Bacterial Scourge

What to Do When One Bacterial Scourge Begets Another

With the significant rise in methicillin-resistant Staphylococcus aureus (MRSA) infections, a small rise in the number of cases of Clostridium difficile colitis appears to be an unfortunate but unpreventable consequence of using the few effective antibiotics remaining that can be prescribed in the outpatient setting. Can Dr Gregory Rutecki (What Hath Antibiotics Wrought? The Nightmare of Clostridium difficile Colitis, CONSULTANT, September 1, 2006, page 1104) recommend a treatment for MRSA infections that would prevent the development of C difficile colitis?
— Robert Walantas

You bring up a sticky issue that is rapidly increasing in importance: another bacterial scourge, MRSA. Your remarks are right on target and consistent with recent literature, which should serve as a warning. One expert has expressed concern that a new influenza epidemic would trigger MRSA infections, many of them fatal.1 Another study reported that MRSA was the most common cause of skin and soft tissue infections in ambulatory settings in 11 US cities--and that 57% of the isolates in these infections were resistant to the antibiotics first prescribed.2 What should we do to balance the risk of MRSA, antibiotic use, and the specter of fatal C difficile colitis?

First, in the case of community-acquired MRSA, many patients are cured by drainage of the infection without antibiotics. With respect to concerns about C difficile, that is good news. An antibiotic combination that is successful against community-acquired MRSA includes rifampin and trimethoprim/ sulfamethoxazole. If a patient is allergic to either of these agents, clindamycin or doxycycline can be an alternative. However, all antibiotics can lead to the development of C difficile colitis--that is the rub.
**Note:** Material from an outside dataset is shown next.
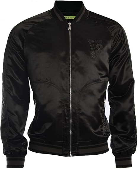 Versace jacket black and white clearance, Versace C1GFA9B2 High Shine Bomber Jacket in Black BLACK XLARGE at Amazon Menâs Clothing store clearance
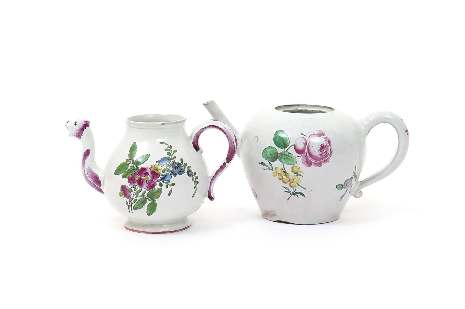 Two French faïence teapots c.1760-70, one Niderviller or Strasbourg, the pear-shaped body boldly painted with flower sprays, the spout formed as a mythical beast with puce scroll highlights, the other probably Bayreuth with a narrow straight spout and heavy handle with scroll terminal, simply painted with flowers, the covers lacking, 19cm max. (2)

Hospital-acquired infections are still a challenge and require consultative assistance with an armamentarium that includes vancomycin and newer agents, such as linezolid. Intensive therapies in seriously ill patients carry an increased risk of C difficile colitis as an unavoidable by-product of increased resistance.

The bottom line, although it will not be easy, is that we in primary care must limit our use of antibiotics as much as possible, prescribing them only when they are really needed and for no longer than they are needed.

References

1. Gould IM. Community-acquired MRSA: can we control it? Lancet. 2006;368:824-826.
2. Moran GJ, Krishnadasan A, Gorwitz RJ, et al. Methicillin-resistant S. aureus infections among patients in the emergency department. N Engl J Med. 2006;355:666-674.